Task’s layout and children

In the videos, two children (C1 in red dress, 4 years old, and C2 in grey, 3 years old) were attempting to programme the robot, with a teacher (T). The barnehage had a focus on using digital tools, but field notes indicated that the robot was a recent addition to the barnehage and the participants had limited previous experience with them. As the videos, showed children in a nutralistic setting, it provided an opportunity to explore a “What already is” situation.

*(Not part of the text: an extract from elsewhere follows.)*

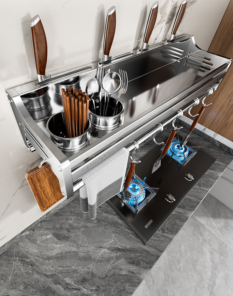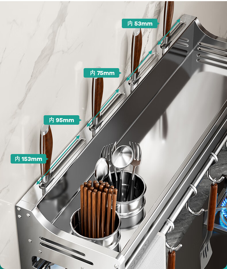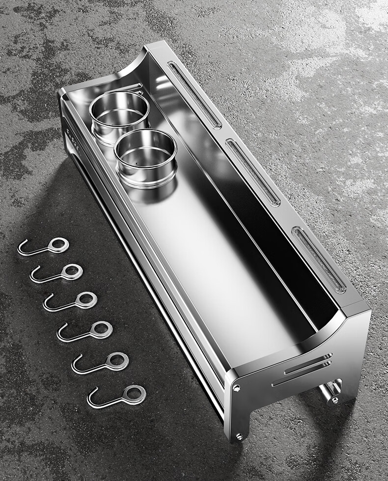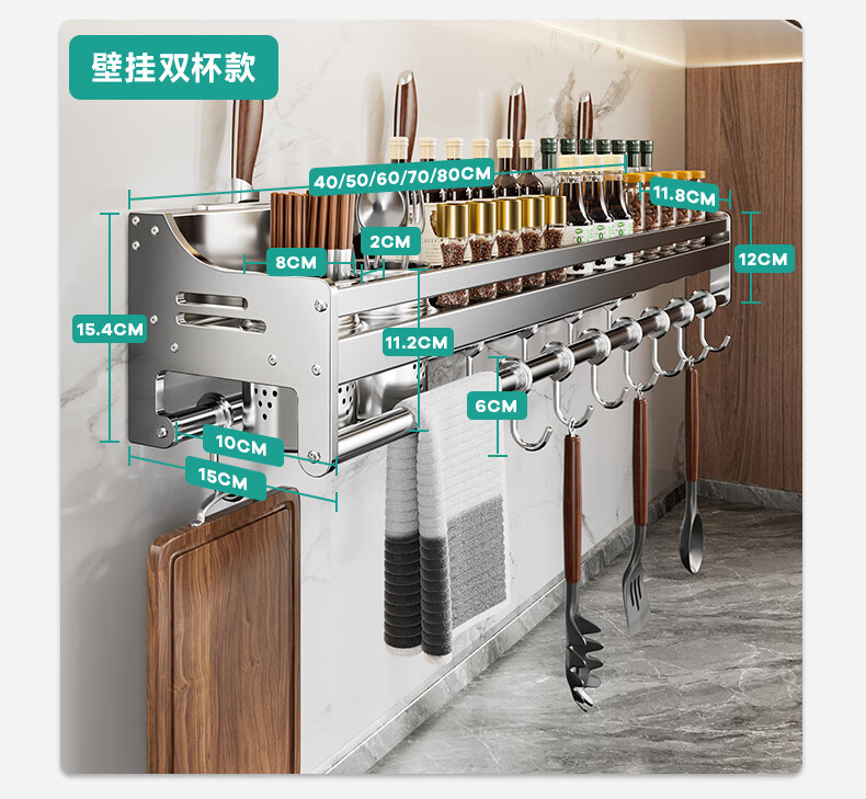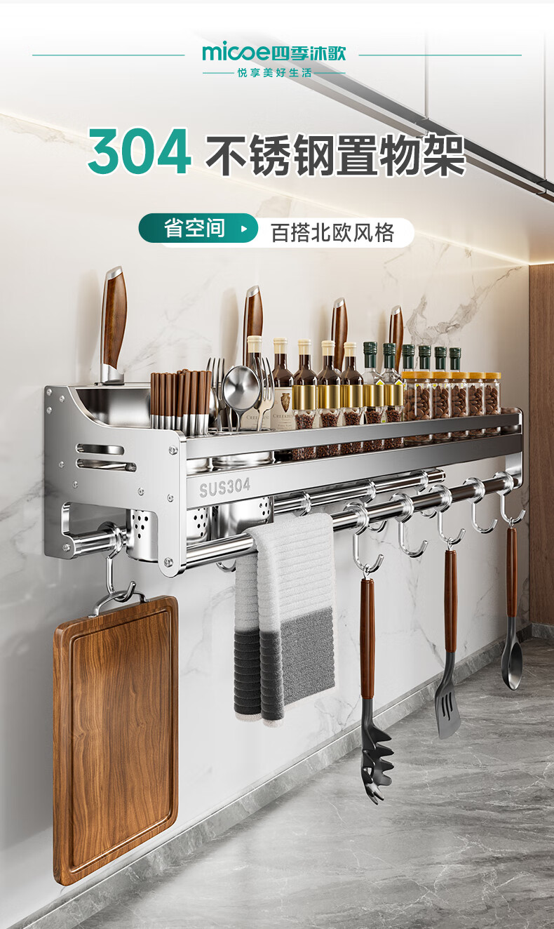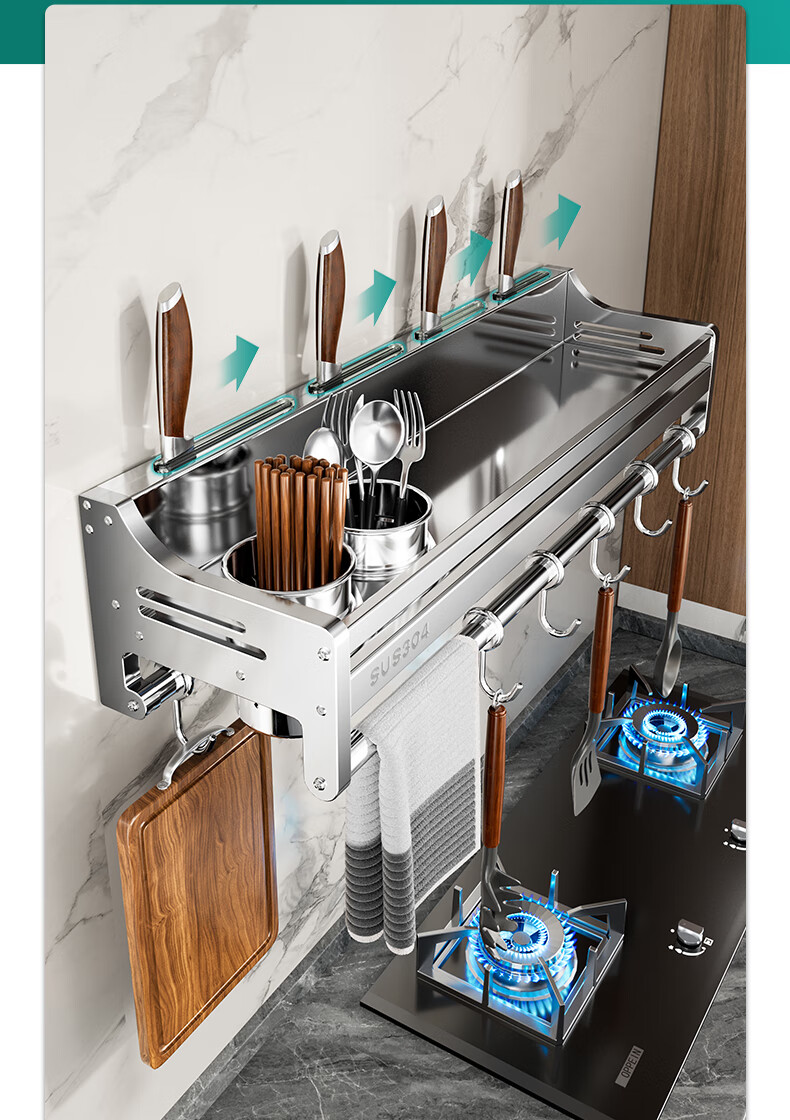 Four Seasons Muge 304 stainless steel kitchen rack wall-mounted knife holder pot lid seasoning storage rack chopstick barrel kitchen utensils 304 stainless steel 60cm double cup

To focus on how the children made sense of the programming of the robot in the naturalistic setting, we decided to identify when the children were unable to solve problems immediately. To do this, we looked for signs of uncertainty in the children’s spoken utterances and in body language. It was decided to focus on young children’s body language as it was likely to provide more information than their spoken utterances alone (Johansson et al., 2014). As a group, we watched the videos several times together to gain agreement on when the children showed uncertainty. We identified particular body actions that appeared in three of the four videos, which we agreed showed the children’s uncertainty. These included gestures, like an open mouth or a finger in the mouth (see C1 in Fig. 2), averting the child’s gaze from the adult and moving themselves away from the mat. Once uncertainty was identified, we considered what occurred before and after to determine what the problem was which had caused the uncertainty and if and how the problem was resolved in the interaction. If the tracing back indicated that the problem was not related to mathematics or CT, it was not analysed any further. Five problems were identified as concerning CT and mathematics.

Fig. 2
A photograph of child C 1 seated with the teacher in front of a mat with a Blue-Bot placed on it. The child keeps her left-hand index finger in her mouth.

Uncertainty shown by holding finger near the mouth

Although some examples of other mathematical activities were apparent in the data, the problems that caused the children’s undertainty were mostly about Bishop’s (1988) mathematical activities of Locating and Counting, with all the problem solving situations being considered to be about Playing. If the problem was about identifying the route, positioning Blue-Bot on the map, or orientating it in the situation, it was classified as being about Locating (Bishop, 1988). When the child’s problem was about the number of squares the Blue-Bot had to move, it was considered to be about the mathematical activity of Counting (Bishop, 1988).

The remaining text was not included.